1
votes

I am trying to import stopwords from nltk.corpus. I cannot use nltk.download('stopwords') as I am having proxy issues. I was trying to manually import the stopwords. So this is what I did. I downloaded the nltk_data from github.com and also configured a appropriate path by using nltk.data.path. But when I try top run this code:

import nltk
from nltk.corpus import stopwords
print(stopwords.words('english'))

I get an error like this.

 >Resource 'corpora/stopwords' not found.  Please use the NLTK
 >Downloader to obtain the resource:  >>> nltk.download()
 >Searched in:
 -'C:\\Program Files\\Anaconda3\\Lib\nltk_data'

All my nltk data is present at the the above path and also the corpora folder has the stopwords. As I said above I cannot use nltk.download(). Is there anything I am missing out here ?

Update 1

I reset all the spyder settings and once again ran this code.:

    import nltk
    from nltk.corpus import stopwords
    print(stopwords.words('english'))

I get an error like :

LookupError: 
**********************************************************************
  Resource 'corpora/stopwords' not found.  Please use the NLTK
  Downloader to obtain the resource:  >>> nltk.download()
  Searched in:
    - 'C:\\Users\\586594/nltk_data'
    - 'C:\\nltk_data'
    - 'D:\\nltk_data'
    - 'E:\\nltk_data'
    - 'C:\\Program Files\\Anaconda3\\nltk_data'
    - 'C:\\Program Files\\Anaconda3\\lib\\nltk_data'
    - 'C:\\Users\\586594\\AppData\\Roaming\\nltk_data'
**********************************************************************

All my nltk data is present at he "C:\Program Files\Anaconda3\nltk_data" and the corpora directory has the stopwords.

2

2 Answers

5
votes

I got it fixed by importing nltk and downloading "stopwords" from it.

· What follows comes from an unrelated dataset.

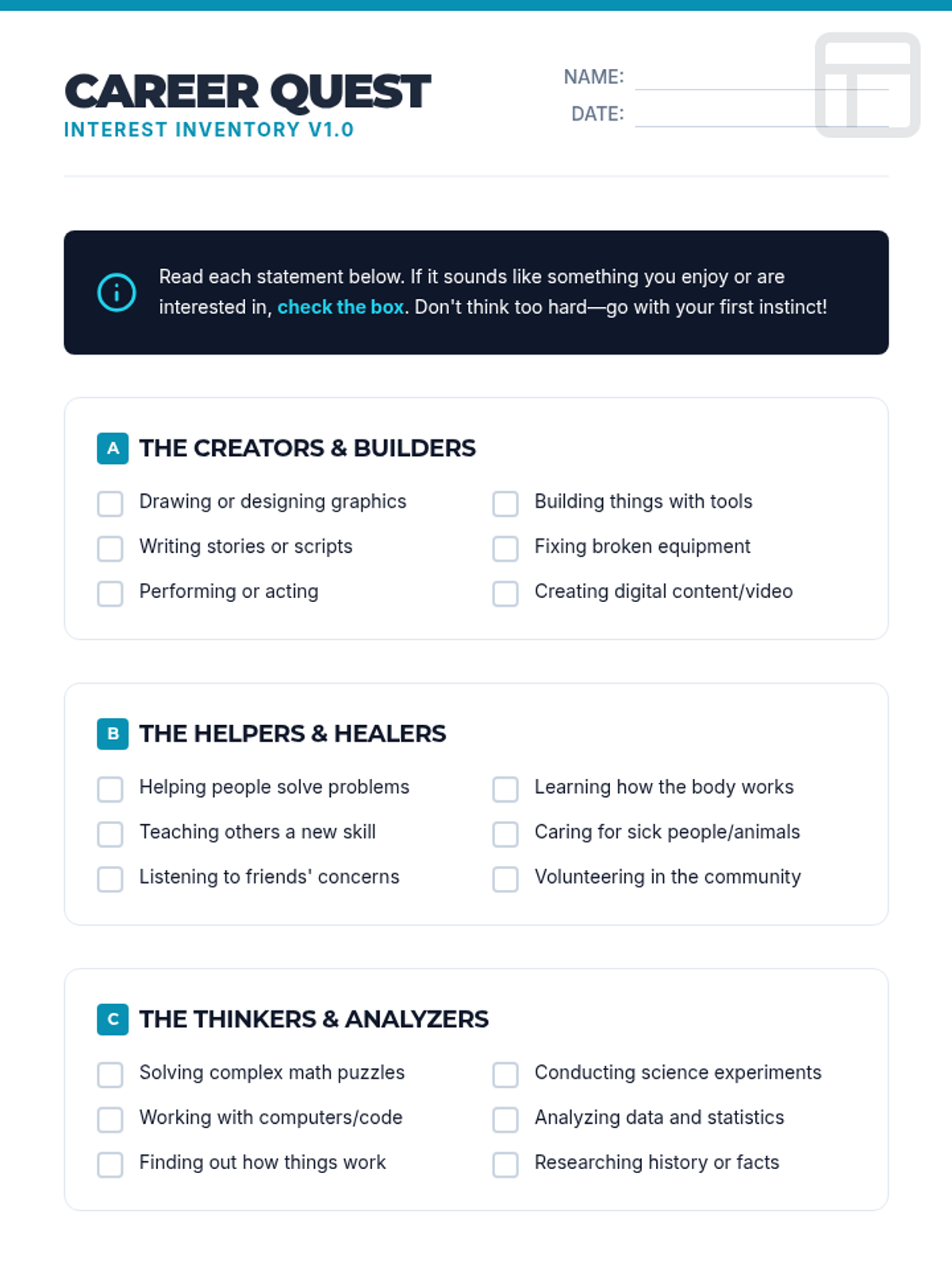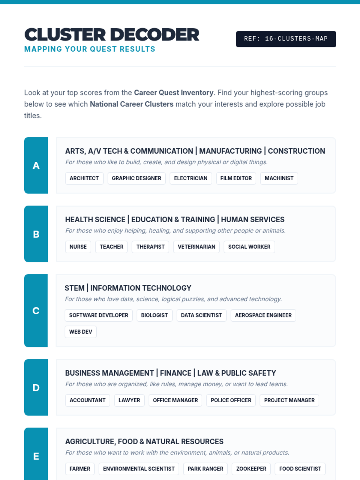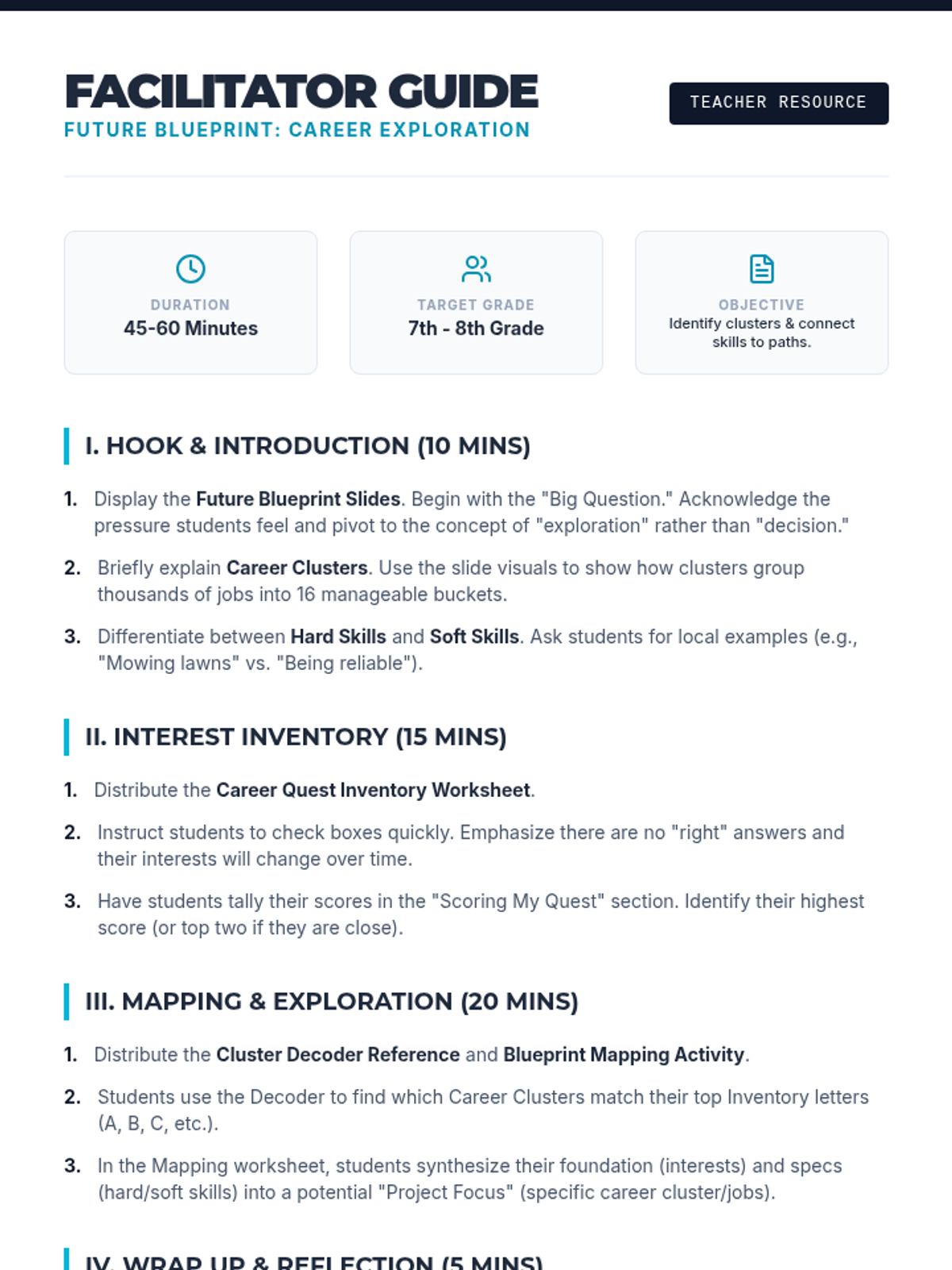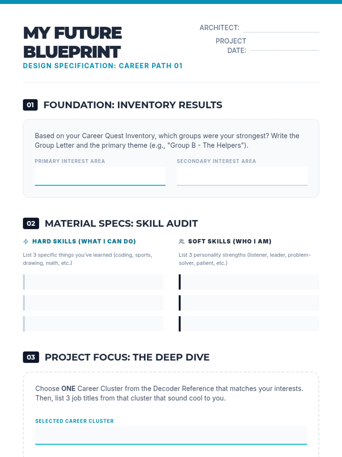 A comprehensive career exploration lesson for middle schoolers. Students identify their strengths, explore the 16 Career Clusters, and map their interests to potential future paths using a 'Future Blueprint' theme.

import nltk nltk.download('stopwords')

2
votes

You set the nltk_data path with a Python command, didn't you? Look carefully at the path in the error message:

-'C:\\Program Files\\Anaconda3\\Lib\nltk_data'

The backslashes between path components are doubled, except for the last one; you have a literal newline (\n) character in your path. To avoid surprises like this, always use raw strings when you write Windows paths. E.g.

nltk.data.path.append(r"C:\Program Files\Anaconda3\Lib\nltk_data")